This article covers the role of a people manager in the context of an Organization. There is a lot of data on what Product Owners do, Scrum Masters do etc. However, when someone takes over the important role of People Manager, there is confusion in teams from a refusal to listen to the manager, to a feeling that the manager is micromanaging.
If you have taken over the role of an Agile Manager or an Agile Engineering Manager this article is an attempt to help you with your new role.
First, let’s cover the list of things we should stop doing.
- Don’t feed work directly to the team. Instead, route it through the Product Owner.
- Stop asking for Status Reports. Instead, go to the team room or virtual team room, listen to their standups etc.
- Stop calling meetings. I know this is an extreme claim but think about it. Do you really need this meeting?

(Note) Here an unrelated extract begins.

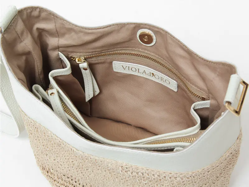 季節感ある天然素材のラフィアとレザーのハンドルがポイントの"VIOLAd'ORO ヴィオラドーロ"のかごバッグ。涼しげでナチュラルな風合いにリアルレザーが加わり、大人かわいい雰囲気に仕上がっています。箔押しされたブランドロゴや刻印を施した美しい金具使いが大人の手元を彩ります。

- Change or add team members without the team’s explicit permission.
Now take a minute to see this video about turning the ship around by David Marquet
Set up an Impediment Board in your office. Tell your teams that you commit to working on the impediments any team member brings to you. An impediment is anything that blocks your team from getting their work done. First, check with ScrumMaster of the team what impediments he/she is solving for the team. The ones they are not able to solve are yours to solve.
Protect Teams Time – By asking teams to practice the concept of “Core Hours”. Core hours is the time members of an Agile team commit to being together. Add a rule in the organization that no one except team members can disturb the team during core hours. The team when in core hours may not respond to emails, chats etc.
Spend Teams Time Judiciously – Most teams now ( 2016 ) get only two to three hours of productive time at work. What if we can help create a system where teams spend most of their time doing value-add work as a team.